Actual switching will be delayed until the next stroke.

However, conventionally, switching was confirmed by detecting the hydraulic pressure acting on the hydraulic piston, so even when switching is delayed, output correction control is executed, which means that cam switching and output If the correction control is not synchronized and, for example, when switching from a fuel efficiency cam with a large torque difference to an output cam, the cylinder that is in the middle of the intake stroke and is still using the fuel efficiency cam will not need the same throttle opening as before. Despite this, the throttle opening is suddenly reduced and the ignition timing is significantly retarded, resulting in unstable combustion in the cylinders and misfires.

If the output correction control is not completely synchronized with the actual cam switching in this way, the torque shock at the time of switching will become larger, and the drivability will be significantly deteriorated.

The present invention solves these problems by ensuring that cam switching starts from the target cylinder determined by the crank angle position at that time, and by correctly synchronizing output correction control. .
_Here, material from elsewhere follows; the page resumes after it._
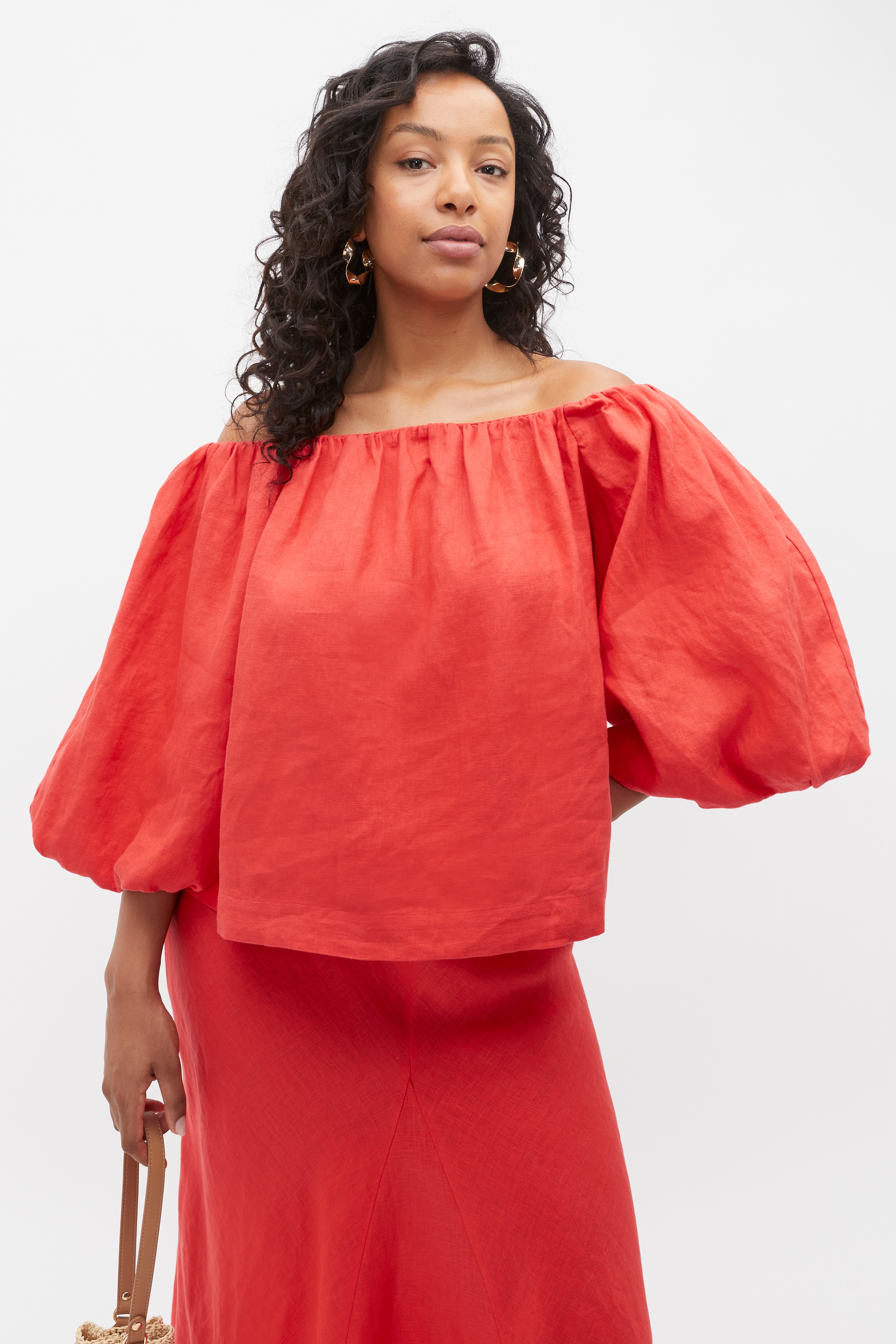 Breezy and elevated, this top is the ideal addition to your casual summer wardrobe. Crafted in premium linen, it features an off-the-shoulder neckline and balloon sleeves with elasticated cuffs in a loose, flowing cut.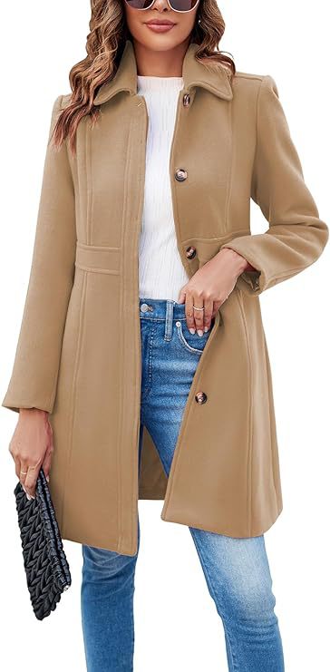 아마존 국경 간 신제품 여성의 우아한 싱글 브레스트 긴팔 라펠 겨울 코트 외장 안감이 있는 완두콩 코트스토어 가기

(Means for Solving the Problems) As shown in FIG. The high-speed output cam 62 is set to have characteristics that improve fuel efficiency, and the fuel efficiency cam 6 is set to characteristics that result in good fuel efficiency.
3, a cam switching mechanism 64 that selectively switches these cams depending on the operating state and transmits the movement of the cam to at least one of the intake valve or the exhaust valve, and a cam switching mechanism 64 that corrects and controls the engine output in response to the cam switching signal. In a variable valve system for an internal combustion engine, a means 65 for detecting a crank angle of the engine and a means 67 for detecting an operating state are provided.
, a means 68 for determining cam switching according to the operating state, and a means 69 for calculating a crank angle position including a switching delay period in addition to the current crank angle position when determining cam switching.
means 70 for determining which cylinder is assumed to be in the intake stroke at this estimated crank angle position; If it is before the midpoint, it is the angle obtained by subtracting the estimated angle from the midpoint, and if it is after the midpoint, it is the start point of the intake stroke of the next cylinder in the firing order, and the next one. means 71 for calculating an angle obtained by subtracting an expected angle from a substantially midpoint of the starting point of the intake stroke of the cylinder as a switching angle; and means 72 for outputting a signal.

(Function) When the cam switching timing is determined, a cam switching signal is output in anticipation of the delay time of the hydraulic mechanism, etc., but this cam switching signal is generated between the start point of the intake stroke of one cylinder and the next cylinder. In anticipation of a response delay, the signal is output early so that the actual switching ends approximately at the midpoint of the start point of the intake stroke of (the target cylinder in which switching is to be started).

Therefore, even if there is some variation in response delay, the actual cam switching will definitely be completed before the target specific cylinder enters the intake stroke, and the output will be corrected from this specific cylinder accordingly. By starting the control, the torque difference at the time of switching can be reliably absorbed.

(Example) Embodiments of the present invention will be described below based on the drawings.

First, FIGS. 2 and 3 show the specific structure of the variable valve system, which was originally published in Japanese Patent Application No. 2-117 by the present applicant.
It has already been proposed as No. 261.

21 is set to a cam profile that emphasizes fuel efficiency, and the first cam (#8 cost cam) has a small cam lift and lift section. 22 is set to a cam profile that generates high torque in a low rotation range, and the first cam is set to have a cam profile that emphasizes fuel efficiency. The second cam (low-speed output cam) has a relatively larger cam lift than 21, and 23 is set to a cam profile that generates high torque in the high rotation range.
The third cam (high-speed output cam) has a larger cam lift and lift section than the second cam 22, and these are provided in parallel on the same camshaft.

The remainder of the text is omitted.